For topics 3 and 9, some context is needed. The follow-up time for outcome assessment should be sufficient to capture changes in the work outcome of interest (topic 3). While for presenteeism and sick leave responsiveness was demonstrated at 24 weeks of follow-up,11 for work status, a follow-up of at least 1 year is preferred. In fact, changes in work status can only be detected over shorter follow-up periods of ≤6 months if large sample sizes are used. Work status change and, more precisely, transitions between employment and unemployment can be seen as formally the last step in a sequence of events that start with presenteeism and/or absenteeism.12 On the other hand, regarding the recall of the assessment instrument (topic 9), there is evidence that a recall period beyond 3 months for sick leave becomes inaccurate8 13 and that patients prefer a recall of 1 week for presenteeism (with maximal accuracy for a 4-week recall).14
Two searches were conducted according to the PICOT (Population, Intervention, Comparator, Outcomes, Time of follow-up) framework—details are provided in online supplemental figure S1. Search 1 focused on studies with WP as outcome domain in IA, aiming at critically appraising methodological choices and heterogeneity across studies, and search 2 on SLRs of studies with WP as outcome domain in other chronic diseases, aiming to identify whether our pre-identified methodological issues in studies in IA were also recognised in other chronic diseases and/or new aspects were revealed.
For search 1, the following study designs were included: randomised controlled trials (RCTs), controlled clinical trials and prospective observational studies (including registries). Also, studies in IA assessing costs of changes in work participation were identified and included in order to assess whether volumes of work productivity (eg, days, hours) were reported as a separate step before converting volumes into costs.15 Other specific methodological aspects related to this particular type of study were considered beyond the scope for the current review. Exclusion criteria for both searches are provided in online supplemental text S1.

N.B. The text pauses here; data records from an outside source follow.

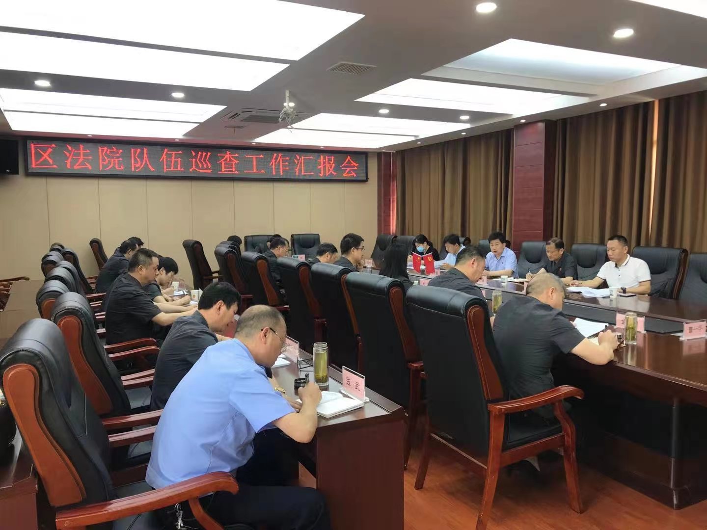 随后,巡查组对班子及班子成员开展民主测评。会后,巡查组与班子成员、部门负责人及普通干警代表展开座谈,广泛听取意见建议,进行问卷调查,并通过与法院班子成员和中层干部谈话,查阅教育整顿工作台账,查看党风廉政建设、组织人事、党的建设、选人用人相关资料等方式对区法院队伍建设情况进行了全方位巡查。
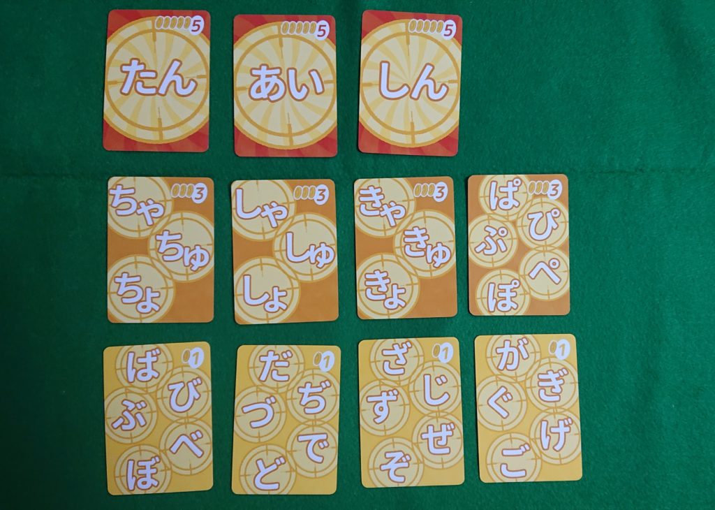 下が文字カード、右上がそのカードを獲得した時の点数です
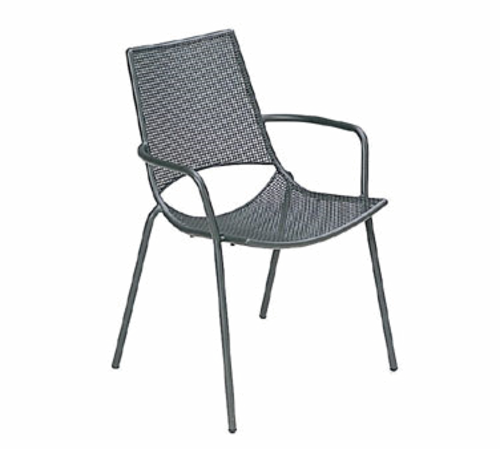 Topper Stacking Armchair, outdoor/indoor, interlace steel mesh back and seat, tubular frame, e-coated steel, powder coated, PVC foot caps
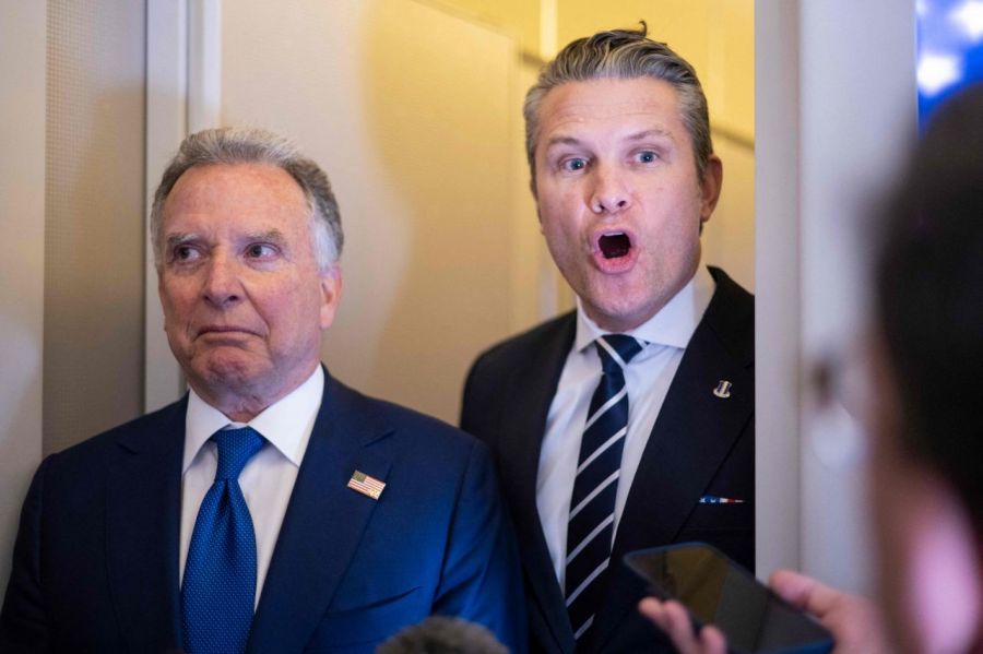 Pete Hegseth, US Secretary of Defense (left), is seen smiling with US President Donald Trump at the Shield of America Summit held in Miami, USA, on the 7th (local time). AP Yonhap News

The search strategies were designed by an experienced librarian (LF). MEDLINE, EMBASE, CINAHL and the Cochrane Library were searched (details on search strategies in online supplemental text S2 and S3) between January 2009 and May 2019.
Study selection and data extraction
For both searches, references and abstracts were imported into the reference management software EndNote V.X7.0.2 and deduplicated.
As a high number of hits resulted from the initially defined broad timeframe (n=7715), it was decided to limit the review to recent studies published from January 2014 to April 2019 (n=5534). This decision was based on feasibility and with the rationale that the most recent studies would likely be of better methodological quality and better reflect current standards.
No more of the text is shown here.